Deploy Device Control Policies

You next step is to begin deploying your Device Control policies. We recommend the following tips when deploying your policies to avoid troubleshooting scenarios:

• Use a phased deployment approach. Take a step, verify the result, and then take another step. This deployment method helps avoid chaotic troubleshooting in environments that have many factors contributing simultaneously.
• We recommend starting the organizational deployment by enabling policies for your smallest groups of users first. Once those policies are working as intended, repeat the process with progressively larger groups.
• When applying policies to a group, only apply policies for one device class at a time. This practice leaves only the policies you created for that class in place. Check with users to confirm that policy enforcement is functioning as intended. Also check the Device Event Logs for those endpoints to validate that read or write-denied logs are functioning as intended. Users will not be aware of some device access, especially by built-in user accounts such as LocalSystem, or may not yet be aware of any issues that are present. If there are read- or write-denied events that should have been allowed, adjust your policies to allow them.
• Once the first device class policy is working properly, continue the process with the remaining device classes policies. Disable any Default Policies for that class (including default policy copies), confirm operation, check the logs, adjust policy as needed, and proceed to the next class. When complete, the Default Policies will all be disabled, and only your policies will be enforced.

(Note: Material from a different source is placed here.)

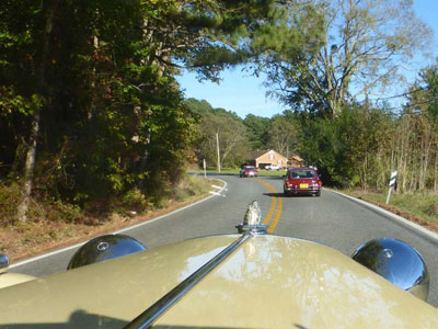| October 29, 2016 - Fun Run - Some friends and I took advantage of today's beautiful clear skies and mild temperatures for an old car fun run to Coinjock NC and back. Richard and Sandy Hall led the way in their MGB-GT, with Terry and Sue Bond in their near-twin MGB-GT, me in Wildflower (49 MG TC), and Hillary and Jack Pavlidis in the 1967 Mercury Cougar that used to be Wildflower's stable-mate. It was a fun drive, with great food at the Coinjock Marina. On the way back, Wildflower started weaving and I stopped to discover that the left rear tire was flat. It was easy to change out, and we finished up with no further incidents. I found out that the tire had slipped on the chrome rim and torn the valve stem off - too much torque from the 54.5 HP 4-cylinder engine! All fixed now with a metal-stemmed motorcycle tube. | ![]() |

To Deploy Device Control Policies:

1. Select Manage > Device Control Policies.
2. Disable the copy of the default policy related to custom policy that:
   • You tested in Test Device Control Policies.
   • Are now ready to deploy.

   In our example we are deploying a custom policy for Biometric Devices, so we are disabling the copy we made earlier, Copy of Default Policy for Biometric Devices.



Disabling both the default policy and the copy of the default policy implicitly deploys your custom policy, even though you've done nothing to explicitly activate it. This implicit deployment occurs because the default policy settings of Read/Write take priority over your custom policy's settings. See Default Policy/Custom Policy Conflict Resolution for more information.

3. Repeat step 2 for each custom policy that you've tested and now want to activate. Disable any default policies related to the custom policies that you want to deploy.
4. Validate that the policy you enabled is functioning correctly. Circle back to Confirm Policy Functionality and check the logs to validate policy function. Make any policy edits as needed.